> Material provided:
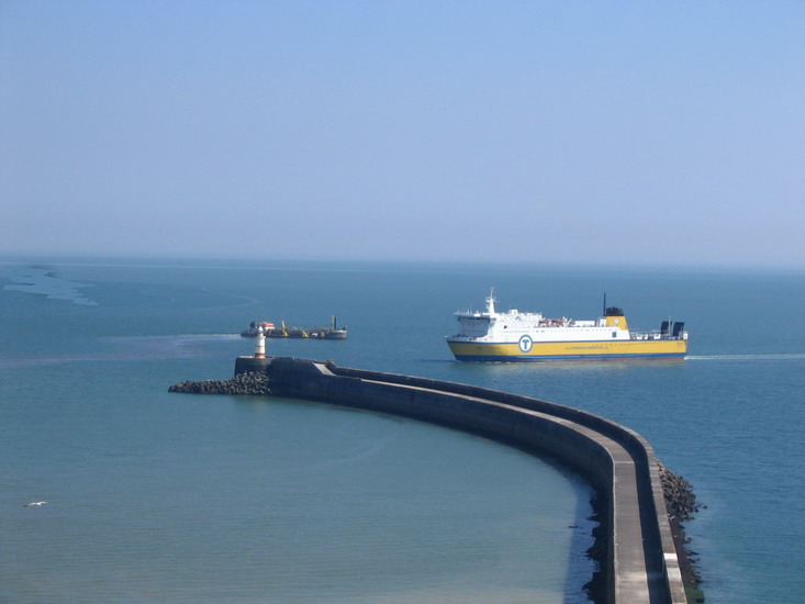 June 8, 2006 The ferry "Dieppe" arriving in Newhaven , late afternoon. I watched the smaller boat on the left take all afternoon to chug out of the harbour at ~¼ knot. I think they were killing time so they could dump their cargo overboard after dark. |
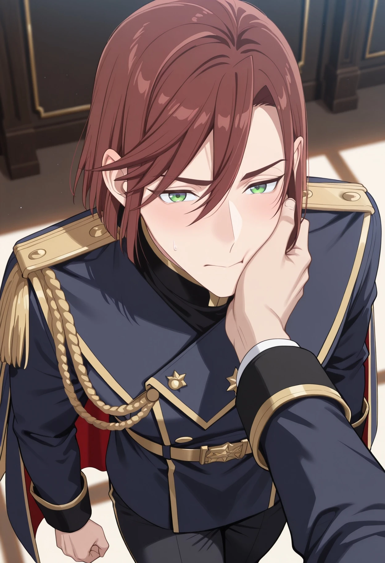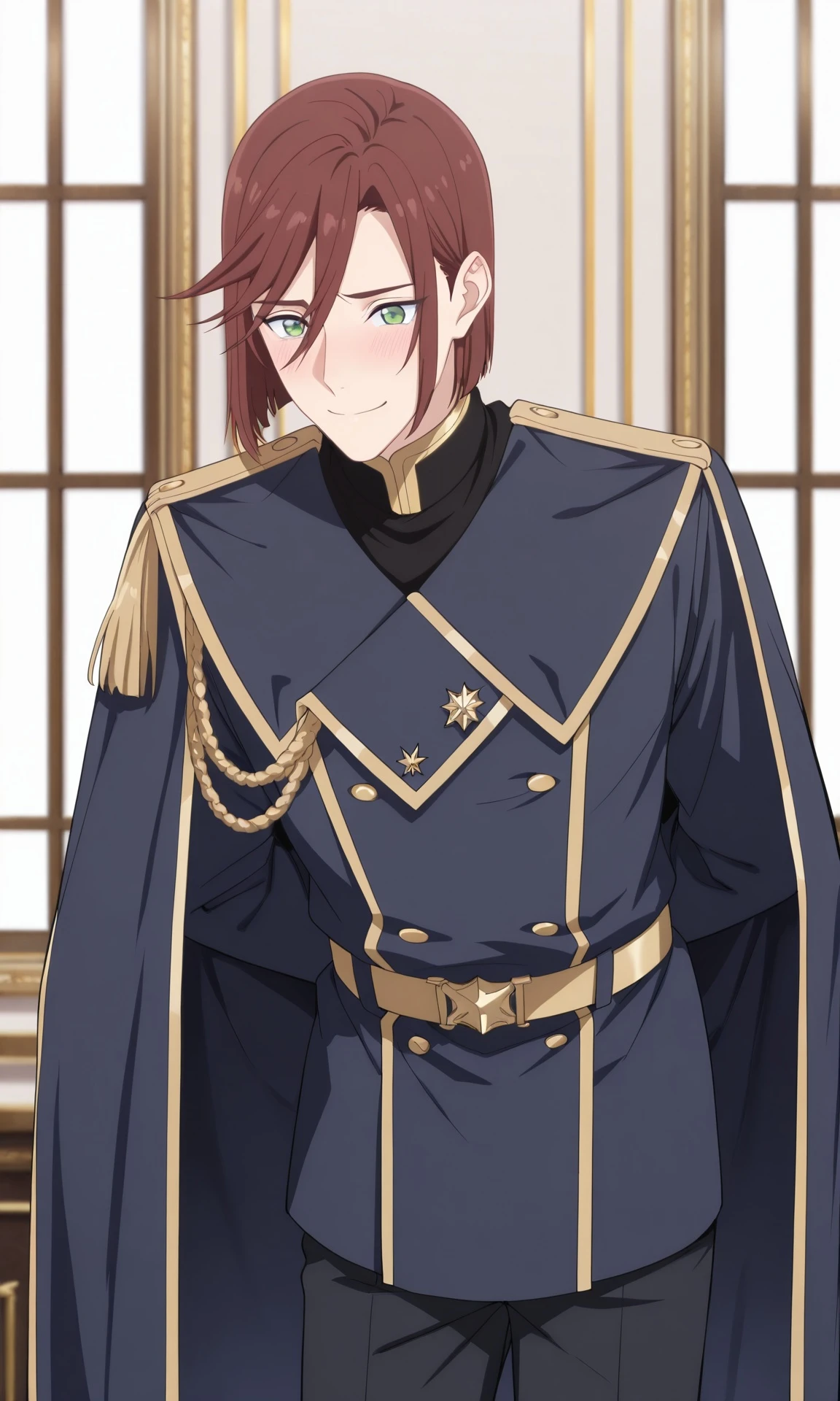 His outfit: military uniform,long tailored military coat with gold trim and buttons,navy coat,gold shoulder cord,small golden epaulette,stiff high collar,gold belt,long cape split in the middle,dark trousers,black boots,
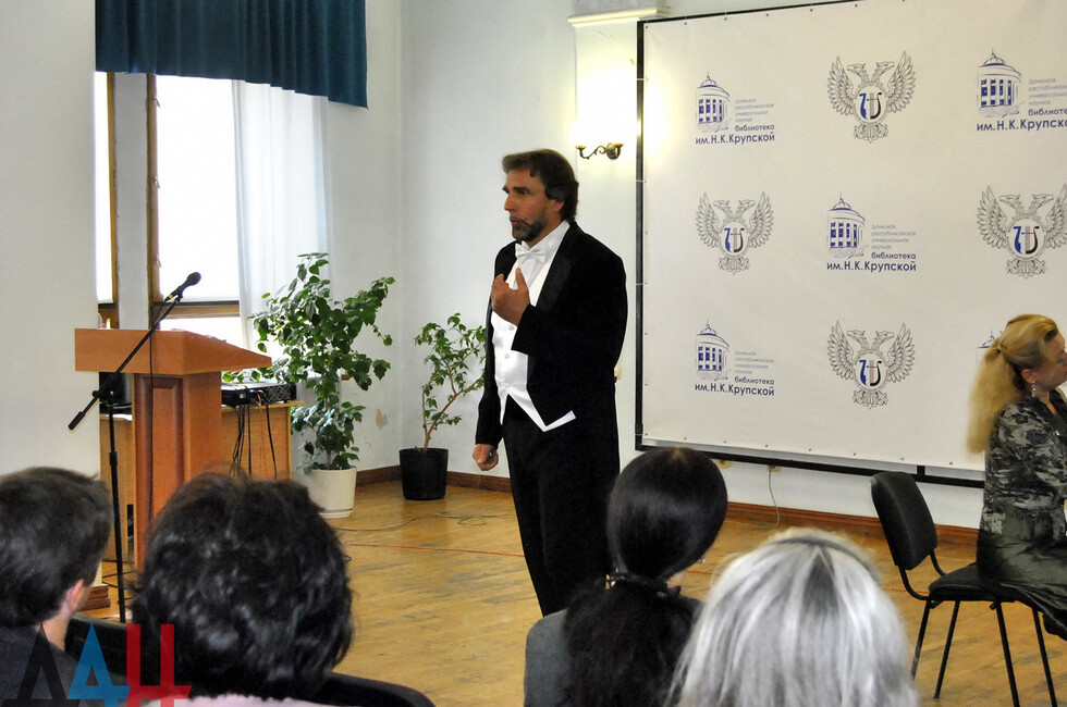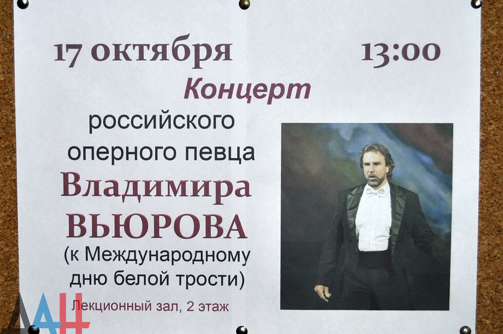 Донецк, 17 окт – корр. ДАН Известный оперный певец из Санкт-Петербурга Владимир Вьюров провел сегодня бесплатный концерт для слепых и слабовидящих в конференц-зале Донецкой республиканской универсальной научной библиотеки имени Н. К. Крупской. Благотворительное мероприятие было приурочено к Международному дню белой трости.

> Task to carry out: Quote the data above in full, leaving out the pictures it holds.

> Expected answer:
 June 8, 2006 The ferry "Dieppe" arriving in Newhaven , late afternoon. I watched the smaller boat on the left take all afternoon to chug out of the harbour at ~¼ knot. I think they were killing time so they could dump their cargo overboard after dark. |
 His outfit: military uniform,long tailored military coat with gold trim and buttons,navy coat,gold shoulder cord,small golden epaulette,stiff high collar,gold belt,long cape split in the middle,dark trousers,black boots,
 Донецк, 17 окт – корр. ДАН Известный оперный певец из Санкт-Петербурга Владимир Вьюров провел сегодня бесплатный концерт для слепых и слабовидящих в конференц-зале Донецкой республиканской универсальной научной библиотеки имени Н. К. Крупской. Благотворительное мероприятие было приурочено к Международному дню белой трости.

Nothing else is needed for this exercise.